Each line of the data must be given back verbatim, with pictures removed.

**STORED DATA**.

※

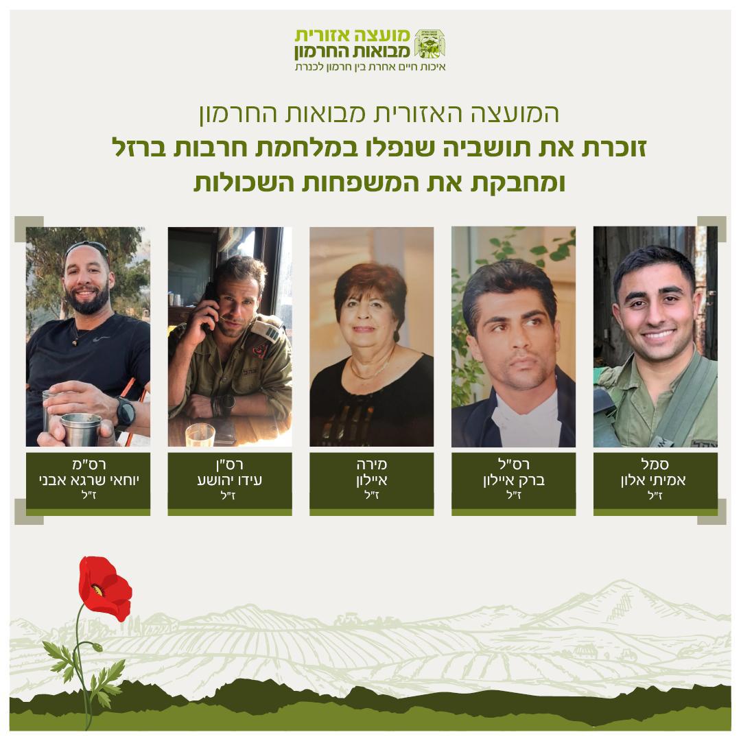 בצער עמוק ובגאווה גדולה אנו מרכינים ראש לזכר חמשת בני מבואות החרמון, שנפלו במהלך מלחמת ׳חרבות ברזל׳, בני המקום, אחינו, שחייהם נשזרו לעד בסיפור הגבורה של העם הזה.
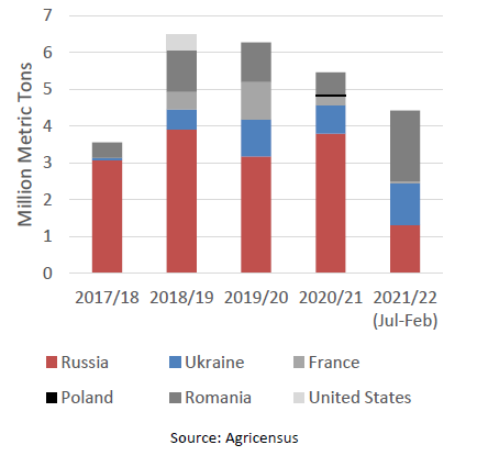 Египет, крупнейший импортер пшеницы в мире, постоянно закупает большие объемы российской и украинской пшеницы для удовлетворения своих потребностей. В первой половине торгового года почти 80 процентов импорта Египта приходилось на Украину или Россию, в том числе закупки частного сектора, на которые приходится почти половина общего годового импорта пшеницы.
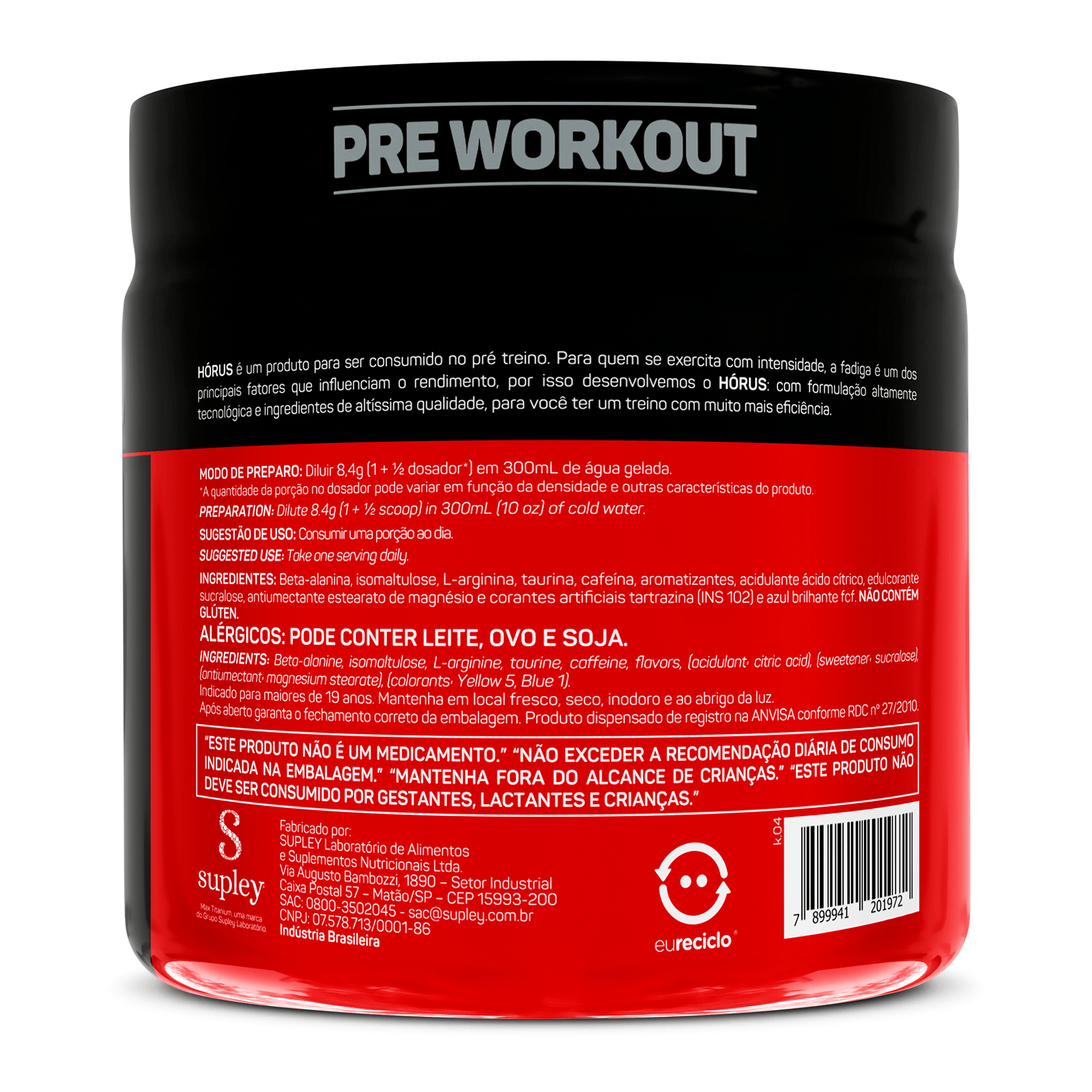 HÓRUS é um produto para ser consumido no pré treino. Para quem se exercita com intensidade, a fadiga é um dos principais fatores que influenciam o rendimento, por isso desenvolvemos o HÓRUS : com formulação altamente tecnológica e ingredientes de altíssima qualidade, para você ter um treino com muito mais eficiência

※

**RESULT FOR THIS TASK**.
 בצער עמוק ובגאווה גדולה אנו מרכינים ראש לזכר חמשת בני מבואות החרמון, שנפלו במהלך מלחמת ׳חרבות ברזל׳, בני המקום, אחינו, שחייהם נשזרו לעד בסיפור הגבורה של העם הזה.
 Египет, крупнейший импортер пшеницы в мире, постоянно закупает большие объемы российской и украинской пшеницы для удовлетворения своих потребностей. В первой половине торгового года почти 80 процентов импорта Египта приходилось на Украину или Россию, в том числе закупки частного сектора, на которые приходится почти половина общего годового импорта пшеницы.
 HÓRUS é um produto para ser consumido no pré treino. Para quem se exercita com intensidade, a fadiga é um dos principais fatores que influenciam o rendimento, por isso desenvolvemos o HÓRUS : com formulação altamente tecnológica e ingredientes de altíssima qualidade, para você ter um treino com muito mais eficiência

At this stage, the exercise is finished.